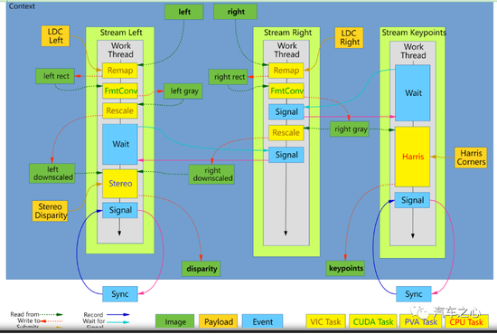 英伟达立体双目处理流程,立体双目视差的获得需要多种运算资源的参加,包括了 VIC、GPU(CUDA)、CPU 和 PVA。
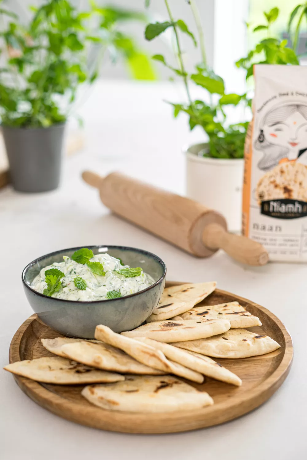 Zacht en licht gekruide naanbroodjes, goudbruin gebakken in de pan, met een frisse tzatziki van geraspte en uitgelekte komkommer, Griekse yoghurt, munt en knoflook. Dit makkelijk te maken borrelbrood is perfect voor een zomerse picknick, barbecue of gezellige mezzeavond. Met simpel kneden, korte rijs en snel bakken zet je huisgemaakt brood en een koele dip op tafel.
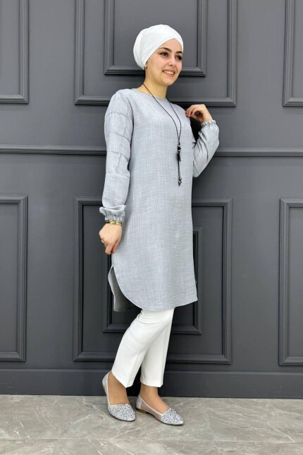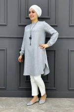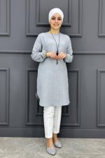 Kadın Kolları Nervür Detaylı Tesettür Tunik MDE24200043-080-Gri
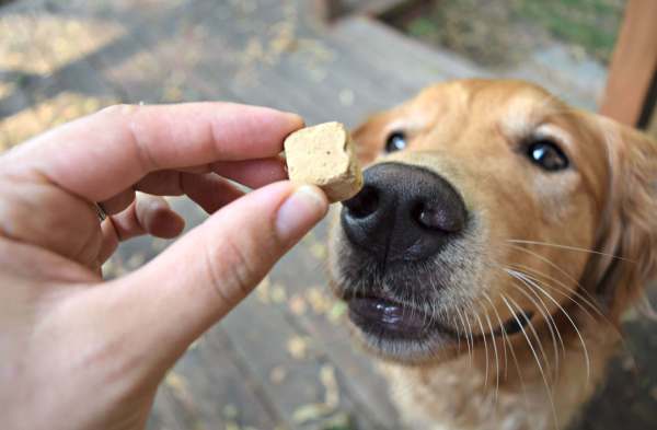 Поощрение применяется за выполнение собакой команды или сигнала дрессировщика. Так, если дрессировщик отдает команду: «Ко мне!» и собака подходит и садится, за это ей в этот момент нужно дать кусочек мяса или другого лакомства, погладить и сказать: «Хорошо, хорошо». Если по команде «Ко мне!» собака подходит не сразу или нечетко выполняет приказ, но после нескольких повторений все же его выполнит, наказывать собаку нельзя, так как этим можно оттолкнуть ее от себя, и она будет бояться хозяина. Привязанность и доверчивость собаки к дрессировщику является основным в воспитании, натаске и дрессировке.
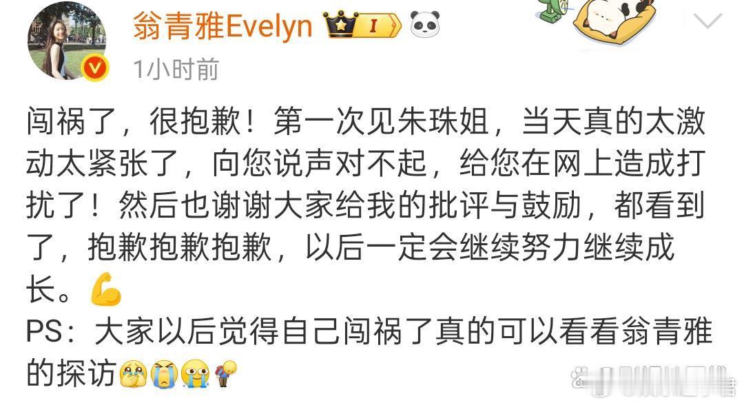 翁青雅道歉11月2日,翁青雅就采访朱珠时让朱珠关门、频繁卡顿忘词等道歉,“第一次见朱珠姐,当天真的太激动太紧张了,向您说声对不起,给您在网上造成打扰了!然后也谢谢大家给我的批评与鼓励,都看到了,抱歉抱歉抱歉,以后一定会继续努力继续成长。
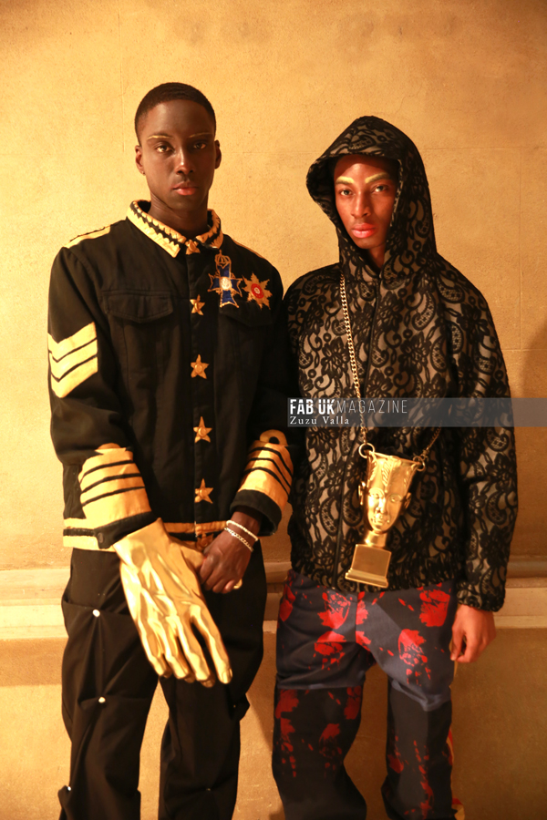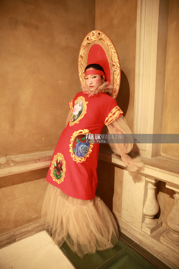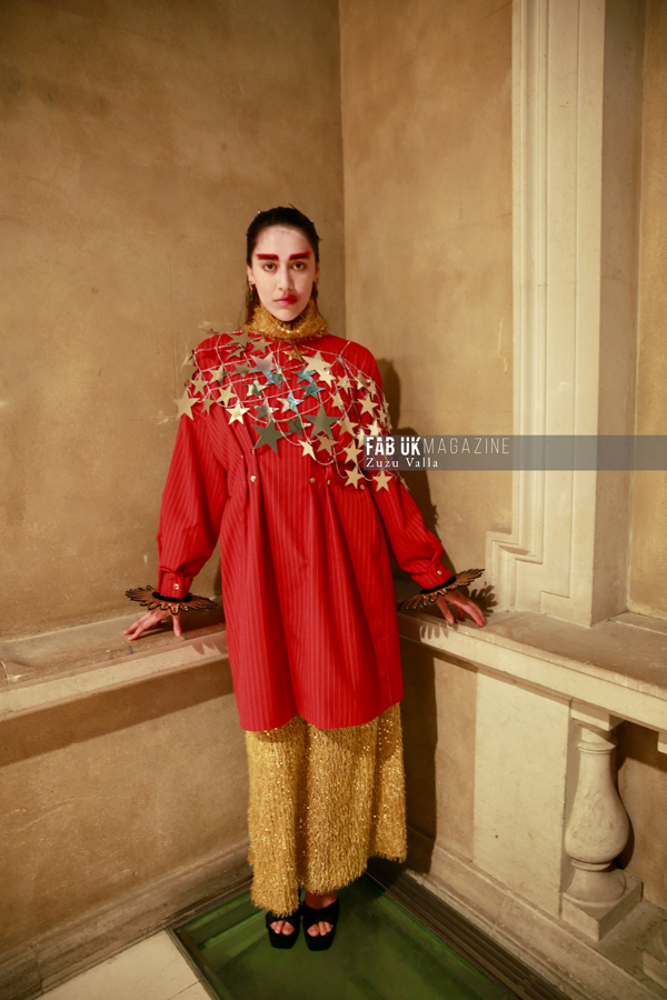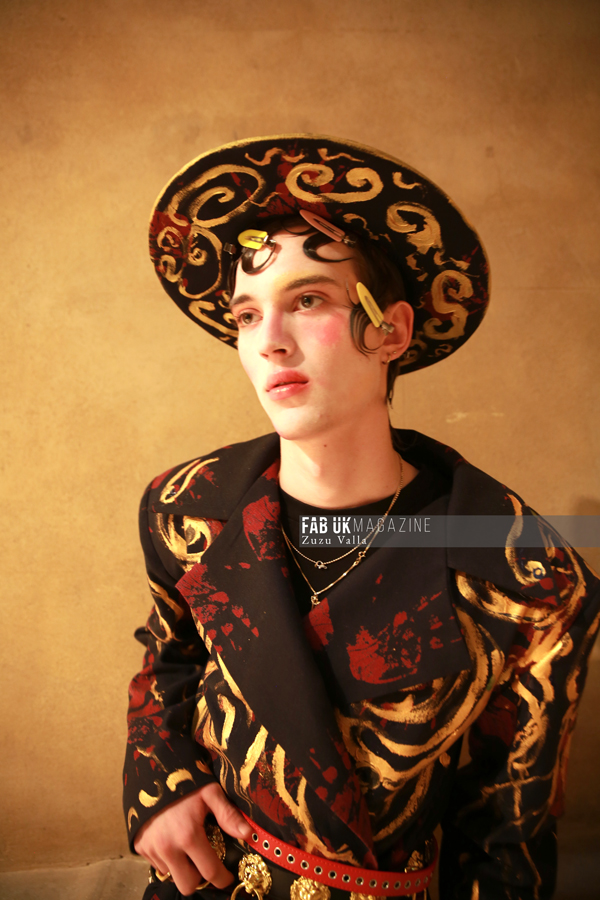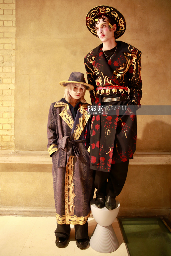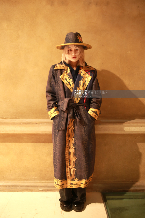 Beyond its artistic appeal, “Fashion is Art” integrates structured, military-inspired elements. Drawing from the disciplined lines of queen’s guard uniforms, the collection showcases belted coats and trousers adorned with bold red and gold stripes. This interplay between strength and elegance underscores the collection’s distinctive aesthetic.
********************
### PROBLEM TO WORK ON:
Starting at the line above that contains "Kadın Kolları Nervür", transcribe every line exactly through the line that contains "翁青雅道歉11月2日,翁青雅", including that last one, and skip the pictures.

### TASK OUTPUT:
 Kadın Kolları Nervür Detaylı Tesettür Tunik MDE24200043-080-Gri
 Поощрение применяется за выполнение собакой команды или сигнала дрессировщика. Так, если дрессировщик отдает команду: «Ко мне!» и собака подходит и садится, за это ей в этот момент нужно дать кусочек мяса или другого лакомства, погладить и сказать: «Хорошо, хорошо». Если по команде «Ко мне!» собака подходит не сразу или нечетко выполняет приказ, но после нескольких повторений все же его выполнит, наказывать собаку нельзя, так как этим можно оттолкнуть ее от себя, и она будет бояться хозяина. Привязанность и доверчивость собаки к дрессировщику является основным в воспитании, натаске и дрессировке.
 翁青雅道歉11月2日,翁青雅就采访朱珠时让朱珠关门、频繁卡顿忘词等道歉,“第一次见朱珠姐,当天真的太激动太紧张了,向您说声对不起,给您在网上造成打扰了!然后也谢谢大家给我的批评与鼓励,都看到了,抱歉抱歉抱歉,以后一定会继续努力继续成长。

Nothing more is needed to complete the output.